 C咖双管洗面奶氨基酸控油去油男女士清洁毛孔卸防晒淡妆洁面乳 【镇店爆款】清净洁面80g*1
◇ ◇ ◇
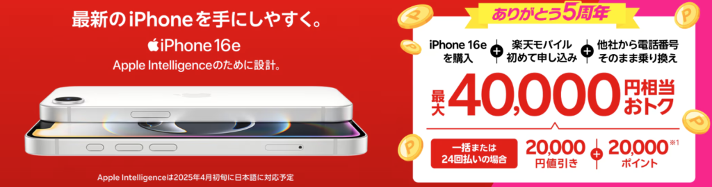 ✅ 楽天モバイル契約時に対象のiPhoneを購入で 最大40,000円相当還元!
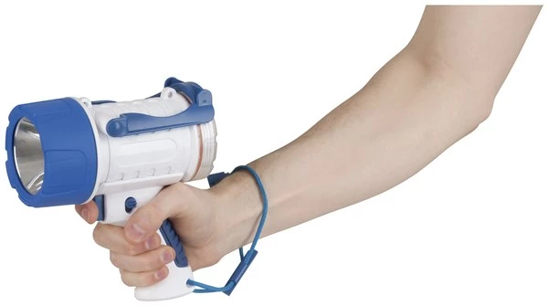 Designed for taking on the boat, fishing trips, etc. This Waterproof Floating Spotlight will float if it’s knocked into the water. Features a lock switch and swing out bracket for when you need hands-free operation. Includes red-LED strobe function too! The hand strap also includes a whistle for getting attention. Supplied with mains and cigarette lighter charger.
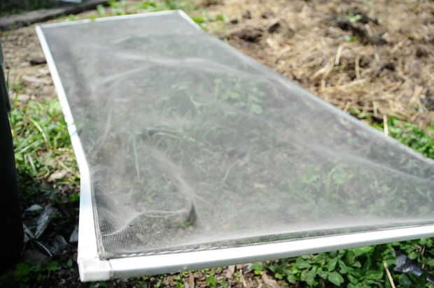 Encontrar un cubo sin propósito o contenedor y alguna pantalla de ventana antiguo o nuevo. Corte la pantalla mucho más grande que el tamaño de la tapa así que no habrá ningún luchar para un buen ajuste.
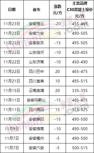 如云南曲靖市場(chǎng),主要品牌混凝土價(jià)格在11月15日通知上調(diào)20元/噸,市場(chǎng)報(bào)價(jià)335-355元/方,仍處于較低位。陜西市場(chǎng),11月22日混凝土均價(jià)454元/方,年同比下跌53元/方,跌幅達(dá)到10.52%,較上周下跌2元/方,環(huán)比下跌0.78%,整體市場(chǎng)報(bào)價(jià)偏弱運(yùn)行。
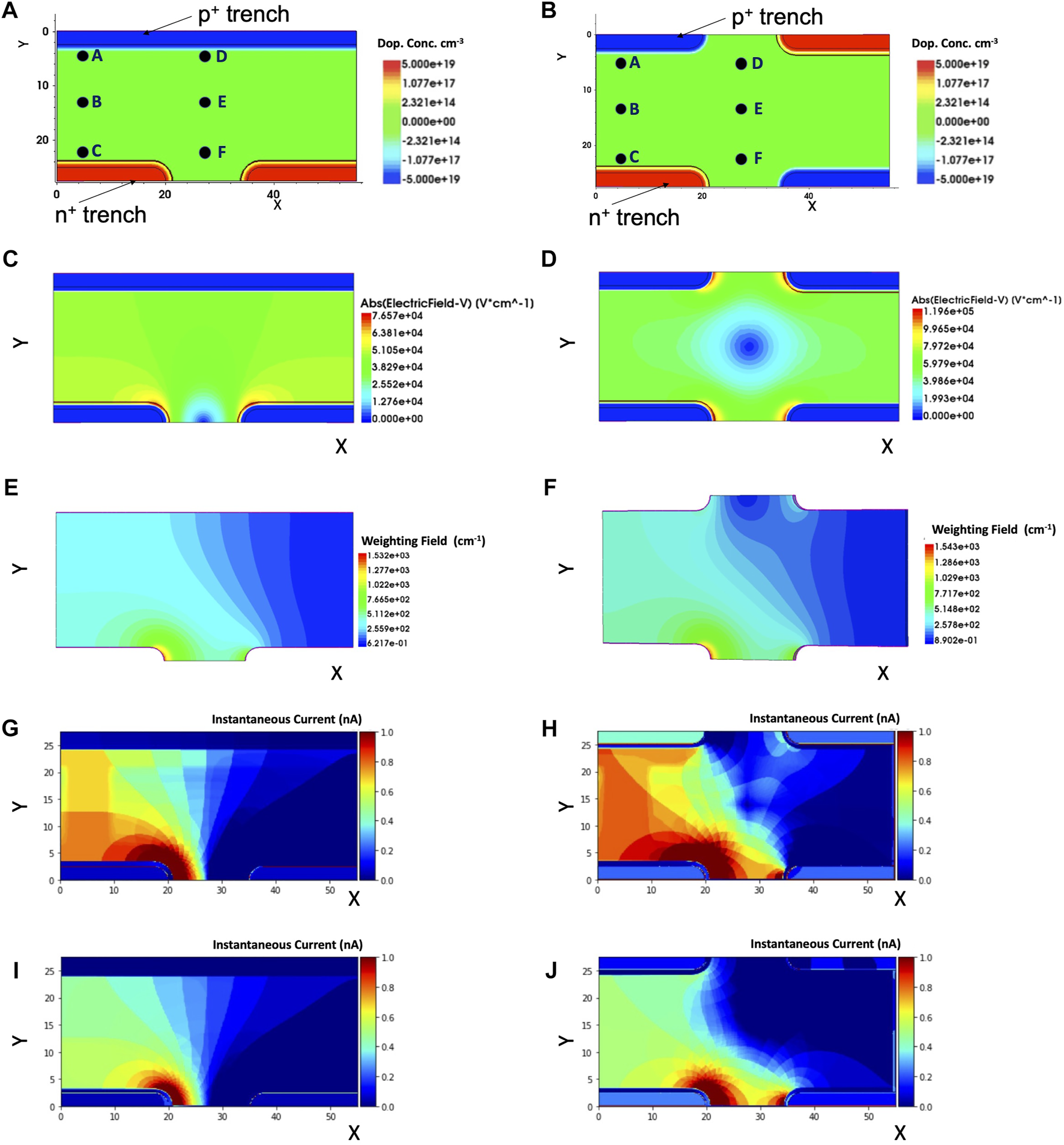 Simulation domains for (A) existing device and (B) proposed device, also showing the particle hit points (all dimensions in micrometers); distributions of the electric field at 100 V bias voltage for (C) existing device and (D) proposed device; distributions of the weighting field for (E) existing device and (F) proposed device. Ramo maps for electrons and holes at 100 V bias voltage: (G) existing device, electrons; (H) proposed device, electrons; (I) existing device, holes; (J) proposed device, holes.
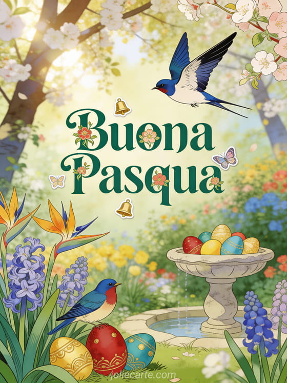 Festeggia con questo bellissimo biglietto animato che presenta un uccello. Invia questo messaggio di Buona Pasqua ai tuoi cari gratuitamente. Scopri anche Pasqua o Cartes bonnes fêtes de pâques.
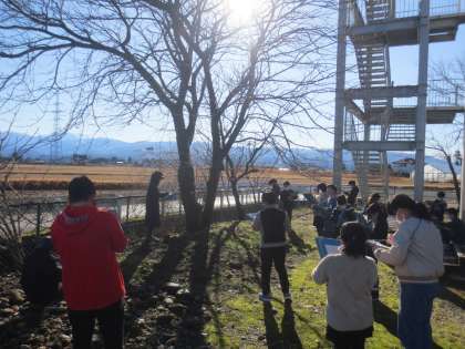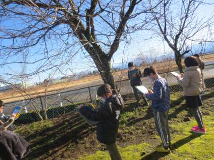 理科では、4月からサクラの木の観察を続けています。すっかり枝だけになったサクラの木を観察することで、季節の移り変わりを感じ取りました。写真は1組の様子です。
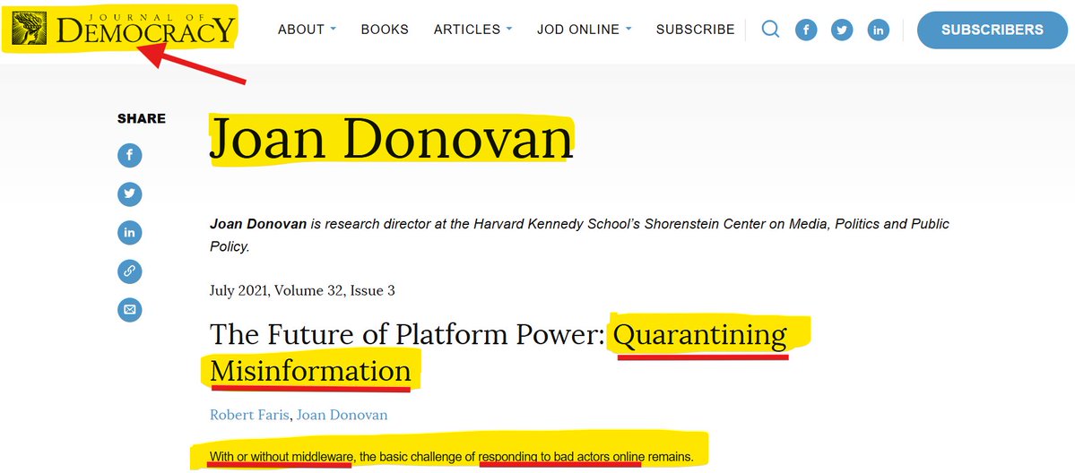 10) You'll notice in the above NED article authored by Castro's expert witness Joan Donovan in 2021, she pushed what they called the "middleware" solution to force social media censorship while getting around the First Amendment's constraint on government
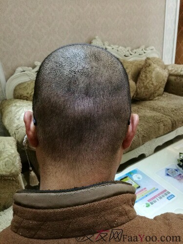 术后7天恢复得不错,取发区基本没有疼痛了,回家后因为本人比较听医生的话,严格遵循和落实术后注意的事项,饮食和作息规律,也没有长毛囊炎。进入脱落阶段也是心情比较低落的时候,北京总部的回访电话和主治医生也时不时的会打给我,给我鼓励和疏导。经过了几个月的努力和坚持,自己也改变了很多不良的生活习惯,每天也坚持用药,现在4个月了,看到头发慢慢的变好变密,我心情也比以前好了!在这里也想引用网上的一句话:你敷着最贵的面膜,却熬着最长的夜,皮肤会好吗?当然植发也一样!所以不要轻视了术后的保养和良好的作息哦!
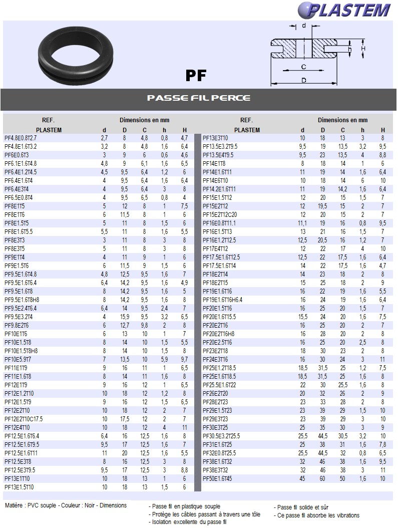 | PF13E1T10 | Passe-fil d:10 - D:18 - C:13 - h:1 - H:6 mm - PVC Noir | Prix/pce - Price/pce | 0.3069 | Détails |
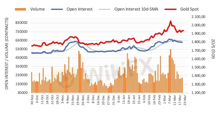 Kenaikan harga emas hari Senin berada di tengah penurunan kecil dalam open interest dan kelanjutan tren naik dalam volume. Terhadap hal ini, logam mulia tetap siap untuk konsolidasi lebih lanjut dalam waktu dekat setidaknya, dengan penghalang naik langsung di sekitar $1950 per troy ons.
◇ ◇ ◇
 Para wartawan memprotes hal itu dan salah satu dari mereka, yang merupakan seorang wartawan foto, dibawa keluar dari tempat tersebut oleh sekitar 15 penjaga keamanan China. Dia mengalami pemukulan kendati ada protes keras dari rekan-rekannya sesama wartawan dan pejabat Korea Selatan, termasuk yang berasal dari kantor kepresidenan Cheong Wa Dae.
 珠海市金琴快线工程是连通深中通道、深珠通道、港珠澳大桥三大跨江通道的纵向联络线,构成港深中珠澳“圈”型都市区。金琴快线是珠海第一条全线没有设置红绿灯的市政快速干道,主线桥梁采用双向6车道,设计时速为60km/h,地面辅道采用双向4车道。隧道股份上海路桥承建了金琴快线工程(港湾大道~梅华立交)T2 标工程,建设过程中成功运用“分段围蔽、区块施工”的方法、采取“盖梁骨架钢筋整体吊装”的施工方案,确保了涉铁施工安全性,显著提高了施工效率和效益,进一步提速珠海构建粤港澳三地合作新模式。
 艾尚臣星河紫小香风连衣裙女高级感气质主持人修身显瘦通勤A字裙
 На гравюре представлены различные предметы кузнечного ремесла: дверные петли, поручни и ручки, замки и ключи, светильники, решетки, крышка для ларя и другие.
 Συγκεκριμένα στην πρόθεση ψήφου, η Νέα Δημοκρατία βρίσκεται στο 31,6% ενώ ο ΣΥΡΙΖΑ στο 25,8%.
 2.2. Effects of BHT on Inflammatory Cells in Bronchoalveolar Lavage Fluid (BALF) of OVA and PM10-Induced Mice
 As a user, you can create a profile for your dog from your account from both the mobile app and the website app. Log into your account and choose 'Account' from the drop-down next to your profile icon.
◇ ◇ ◇
Description of the task:
In the listing above, find the line containing "Designed for taking" and the line containing "理科では、4月からサクラの木", then print exactly those two lines and every line between them, minus the pictures.

Task result:
 Designed for taking on the boat, fishing trips, etc. This Waterproof Floating Spotlight will float if it’s knocked into the water. Features a lock switch and swing out bracket for when you need hands-free operation. Includes red-LED strobe function too! The hand strap also includes a whistle for getting attention. Supplied with mains and cigarette lighter charger.
 Encontrar un cubo sin propósito o contenedor y alguna pantalla de ventana antiguo o nuevo. Corte la pantalla mucho más grande que el tamaño de la tapa así que no habrá ningún luchar para un buen ajuste.
 如云南曲靖市場(chǎng),主要品牌混凝土價(jià)格在11月15日通知上調(diào)20元/噸,市場(chǎng)報(bào)價(jià)335-355元/方,仍處于較低位。陜西市場(chǎng),11月22日混凝土均價(jià)454元/方,年同比下跌53元/方,跌幅達(dá)到10.52%,較上周下跌2元/方,環(huán)比下跌0.78%,整體市場(chǎng)報(bào)價(jià)偏弱運(yùn)行。
 Simulation domains for (A) existing device and (B) proposed device, also showing the particle hit points (all dimensions in micrometers); distributions of the electric field at 100 V bias voltage for (C) existing device and (D) proposed device; distributions of the weighting field for (E) existing device and (F) proposed device. Ramo maps for electrons and holes at 100 V bias voltage: (G) existing device, electrons; (H) proposed device, electrons; (I) existing device, holes; (J) proposed device, holes.
 Festeggia con questo bellissimo biglietto animato che presenta un uccello. Invia questo messaggio di Buona Pasqua ai tuoi cari gratuitamente. Scopri anche Pasqua o Cartes bonnes fêtes de pâques.
 理科では、4月からサクラの木の観察を続けています。すっかり枝だけになったサクラの木を観察することで、季節の移り変わりを感じ取りました。写真は1組の様子です。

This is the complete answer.